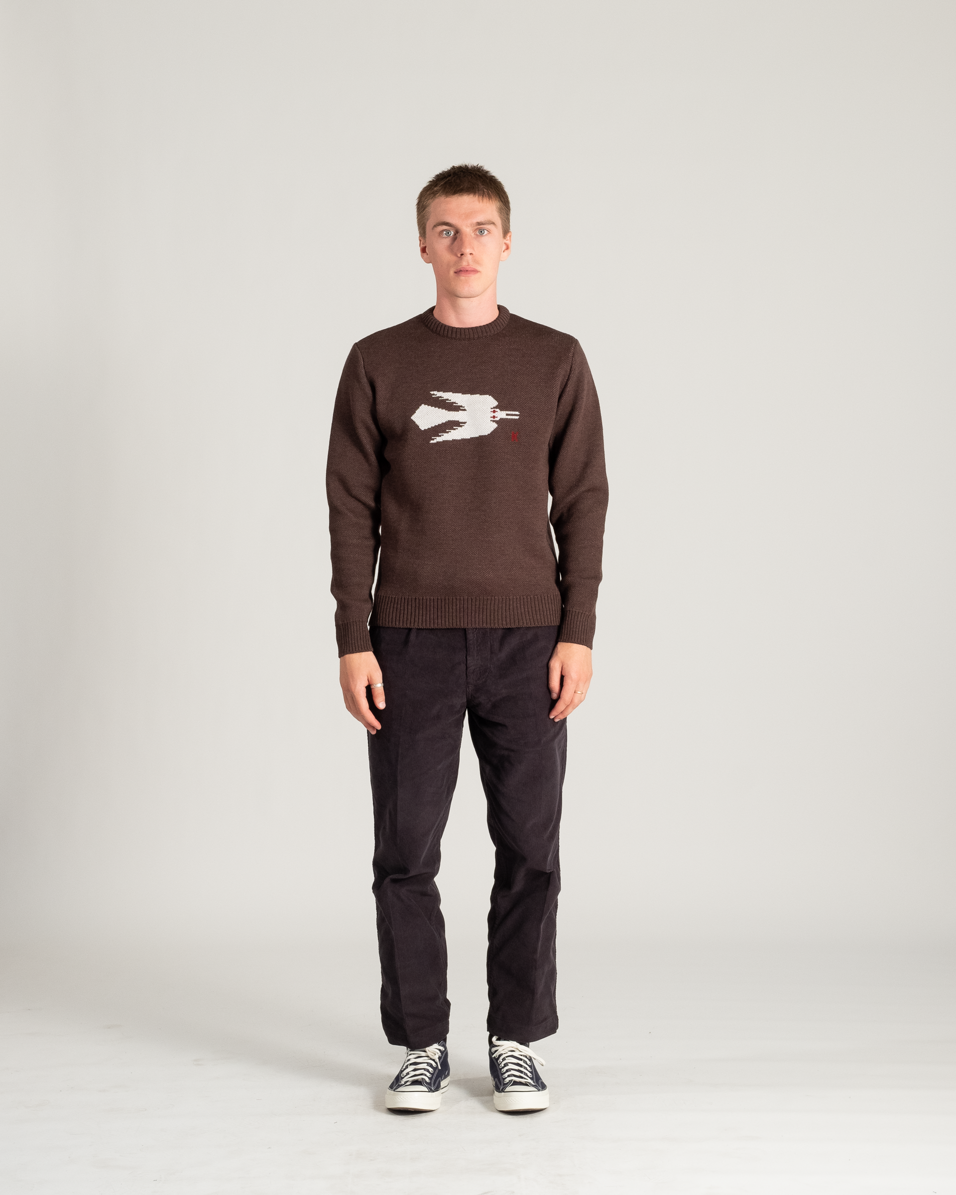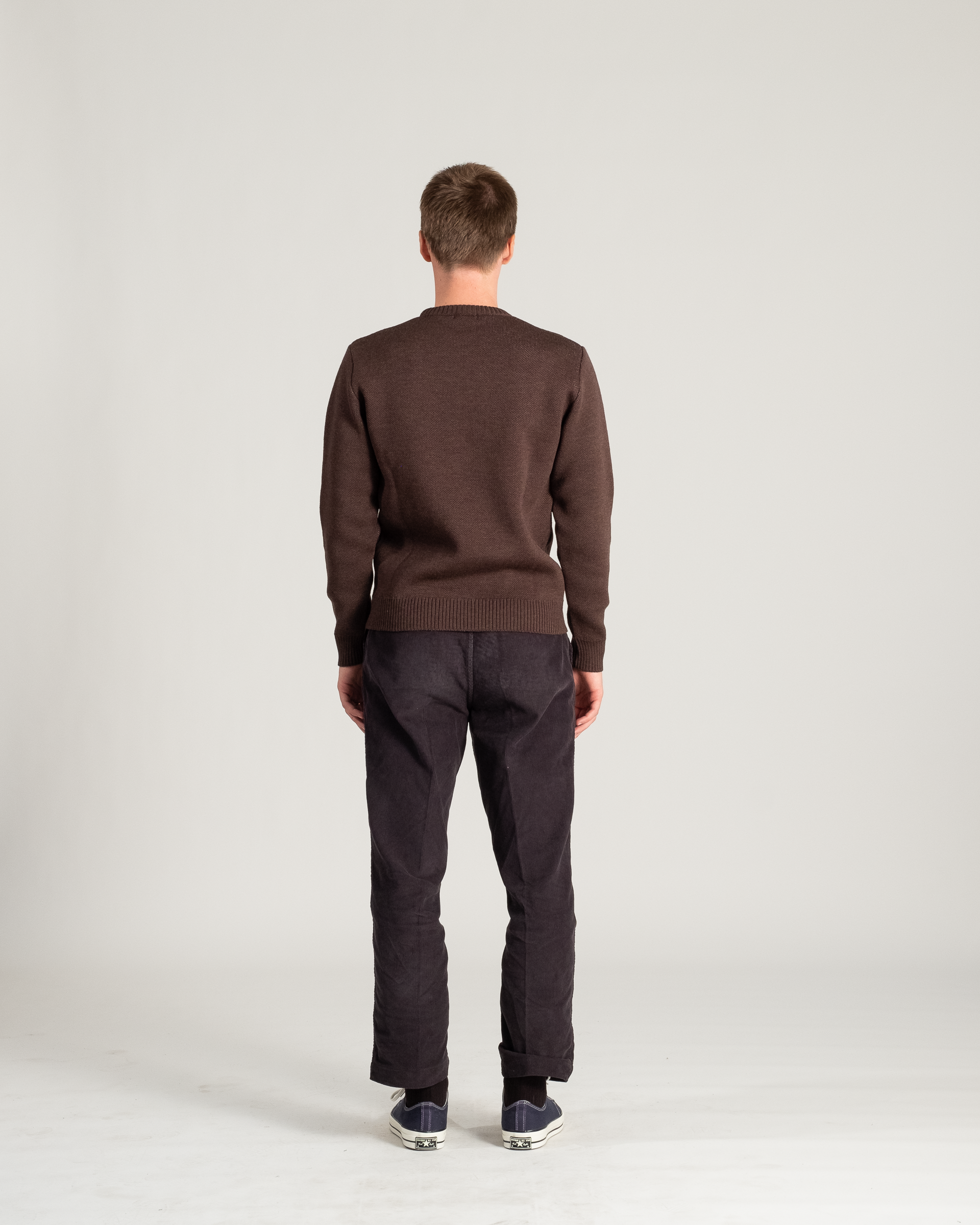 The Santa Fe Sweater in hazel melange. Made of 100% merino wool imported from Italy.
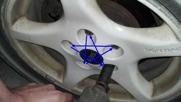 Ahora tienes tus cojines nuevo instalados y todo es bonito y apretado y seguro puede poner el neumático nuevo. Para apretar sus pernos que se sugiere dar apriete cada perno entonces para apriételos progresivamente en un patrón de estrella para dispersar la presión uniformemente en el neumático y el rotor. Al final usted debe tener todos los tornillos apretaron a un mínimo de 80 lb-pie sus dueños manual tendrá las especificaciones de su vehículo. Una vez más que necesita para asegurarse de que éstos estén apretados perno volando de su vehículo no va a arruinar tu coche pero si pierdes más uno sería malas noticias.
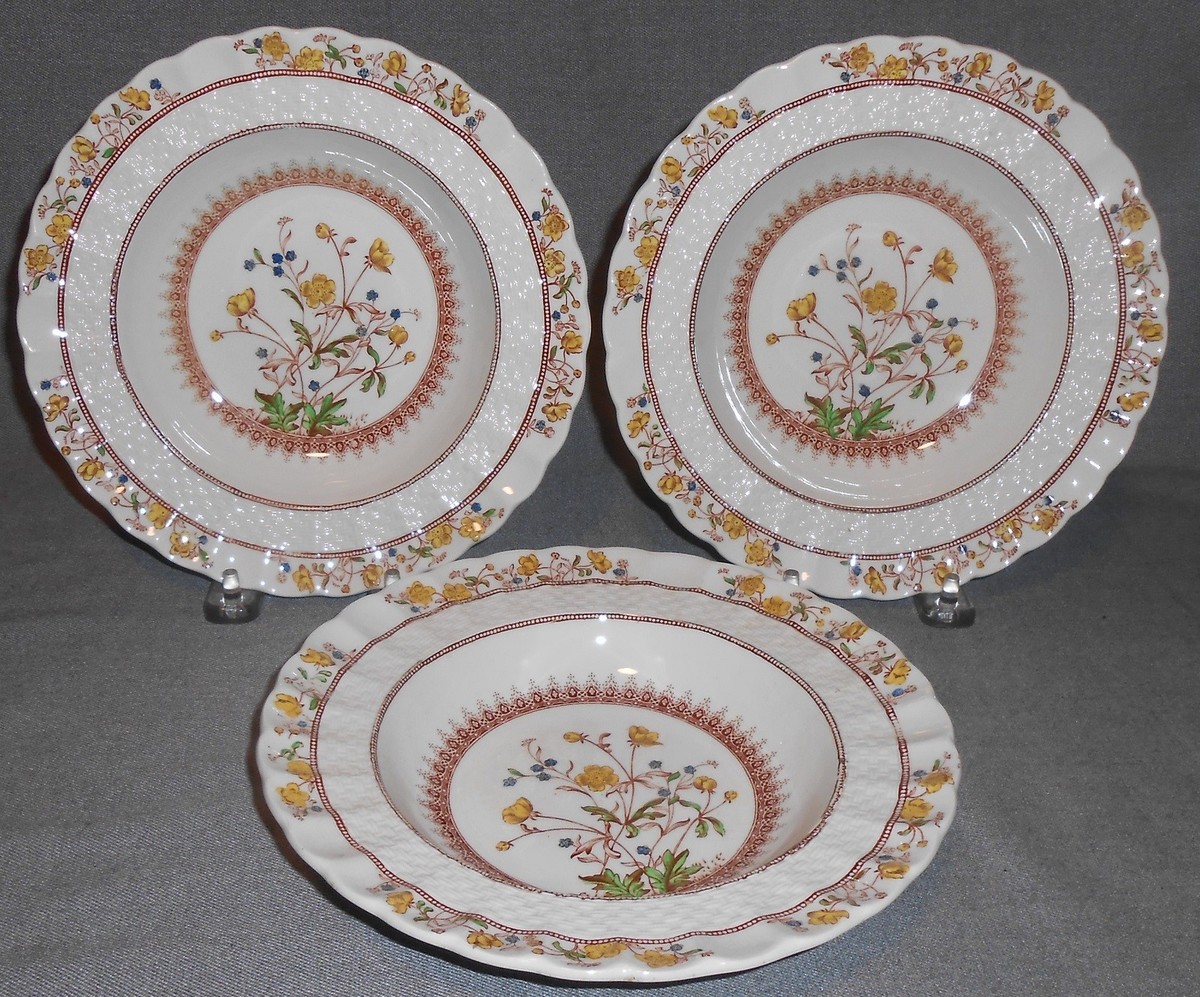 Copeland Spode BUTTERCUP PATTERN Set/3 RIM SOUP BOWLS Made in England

What is required: Exact copy, no pictures: please print the data above once more.

Your solution:
 The Santa Fe Sweater in hazel melange. Made of 100% merino wool imported from Italy.
 Ahora tienes tus cojines nuevo instalados y todo es bonito y apretado y seguro puede poner el neumático nuevo. Para apretar sus pernos que se sugiere dar apriete cada perno entonces para apriételos progresivamente en un patrón de estrella para dispersar la presión uniformemente en el neumático y el rotor. Al final usted debe tener todos los tornillos apretaron a un mínimo de 80 lb-pie sus dueños manual tendrá las especificaciones de su vehículo. Una vez más que necesita para asegurarse de que éstos estén apretados perno volando de su vehículo no va a arruinar tu coche pero si pierdes más uno sería malas noticias.
 Copeland Spode BUTTERCUP PATTERN Set/3 RIM SOUP BOWLS Made in England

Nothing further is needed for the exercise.